Historic public park originally the site of Theobalds Palace in Hertfordshire, England

Cedars Park is a historic public park located in Cheshunt, Hertfordshire, England. It was originally the site of Theobalds Palace, King James I's favourite residence. The park has received a Green Flag Award every year since 2009, rewarding it for promoting high standards of management for green spaces.

==History==

Cedars Park is the historic site of the 16th-century Royal Palace of Theobalds, which existed as a smaller estate in the 14th century, and possibly earlier.

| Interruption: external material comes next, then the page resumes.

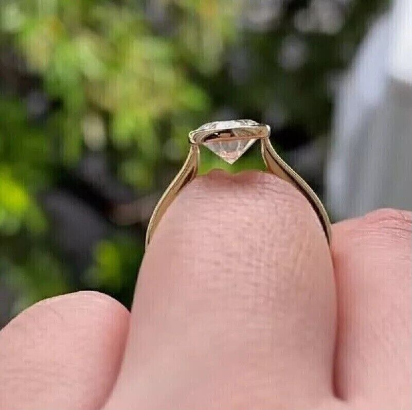 3 CTW Oval Cut VVS1 Moissanite Solitaire Engagement Ring 14k Yellow Gold Plated ELEGANT LOOK! GREAT SHINE! Stone Color - White Shape of Stone- Oval Approx. Weight of Stone- 3 Carat Cut - Excellent Metal - Stamped Solid 925 Sterling Silver Size of Ring – US 7 is default size - (Can be resized in all size and charges above US 8 may apply additional $ 10.00 or default will be shipped) This ring is handcrafted with utmost care. Would make an ideal gift for someone special. The stone has excellent cut and luster. Comes in attractive packaging. CERTIFICATE OF AUTHENTICITY PROVIDED Shipping : Shipping is by UPS/SPEEDPOST/FEDEX or similar shipping agencies to reach you in 9-12 business days after processing the order. Tracking is provided. Please note: Jewelry items can take up to 10-12 business days to process to take care of ring sizing if any, polishing, finishing, packing and handling, certification, documentation etc. Shipping Charges include eBay fees on Shipping, packaging, certification costs, manpower costs, overheads, taxes etc. in addition to actual courier/postal expenses which have increased substantially as a result of pandemic & global economic conditions. We do not artificially increase the price of the products to include shipping charges but only charge what shipping actually costs us. Combined Shipping: Combined shipping discount is available up to 5 (Five)items in an order to be purchased within 5 days. You can continue to buy- Any additional items above 5 in quantity will be considered a new order. This is to avoid pilferage en-route as well as to ensure that you are happy with the merchandise. Once you have received their items you may buy additional items again. This limit may be revised for repeat and regular customers. Payment: Buyers are requested to pay within 3 (Three) days of purchases. eBay will automatically open unpaid item cases in case payment is not received within this period. The item will also be available for purchase to other buyers till such time that the payment is received. Customs and Taxes: Any customs duties, charges and local taxes are subject to local laws and vary from country to country and hence the payment of any eventual custom duties, charges, levies and taxes etc will be at the buyer's expense. We do not have any control on the same. Returns & Refunds: You can return the item within 14 days of receiving the parcel. - Please return in original packing. Buyers are required to check and ensure that the item/s are in good condition and as per item listing on eBay as no claims for returns and refunds will be entertained thereafter. The returned item should be unused and in original and undamaged condition. Buyer will be required to ensure that the item is sent by trackable shipper. Shipping charges are non-refundable. Refunds are made by PayPal and may take up to 5-7days after receiving back the product/s. Disputes: We aim to settle all disputes amicably. Please do not open any dispute on eBay for dis-satisfaction or for non-receipt or to return an item. We are available through ebay messages system and most messages are replied in a few hours. Personalized satisfaction is of utmost importance to us. Feedback: We always provide excellent feedback to our buyers and expect the same in return with 5-star ratings. In case of any dissatisfaction or any other reason please do contact us before leaving any neutral or negative feedback - we will strive our best to resolve all issues to your satisfaction. Metal: Silver is 925 Sterling Silver with Nickel Free Rhodium Plating. Please refrain from buying if you have allergic reaction to metals. We will not be responsible for any health problems in this regard. Legal Disclaimer: Refund or any claim liability for the buyer is only limited to the value of the item purchased. No additional claims will be entertained for any other reason whatsoever. Please note that since various labs may have different testing methods and the interpretation of all our Diamonds and Stones may differ from one lab to another as well as from one Gemologist, appraiser and Jeweler to another, we will be unable to accept another Lab Certificate or the judgement of any other third party including any Gemologist, appraiser, Lab, Jeweler etc. By consenting to buy our items it is understood that you have read, understood and agree to the terms and conditions as well as the FAQ for the Diamonds and Jewelry being sold buys. What Guarantee do you offer? We offer full100% Money Back Guaranteed in case of any manufacturing defect. Please also refer to the Refund Policy as mentioned our item listing.

Sir William Cecil acquired Theobalds in 1563, and Queen Elizabeth I visited over 15 times between 1564 and 1598. Robert Cecil inherited the Palace and accommodated King James I and his associates on several occasions, including Christian IV of Denmark. In May 1607, the King exchanged Hatfield House for Theobalds. The estate was extended into a grand Royal Palace with a 2500-acre deer park. James I died here in 1625. Charles I rarely used Theobalds Palace and granted the estate to various nobles as an acknowledgement of their services.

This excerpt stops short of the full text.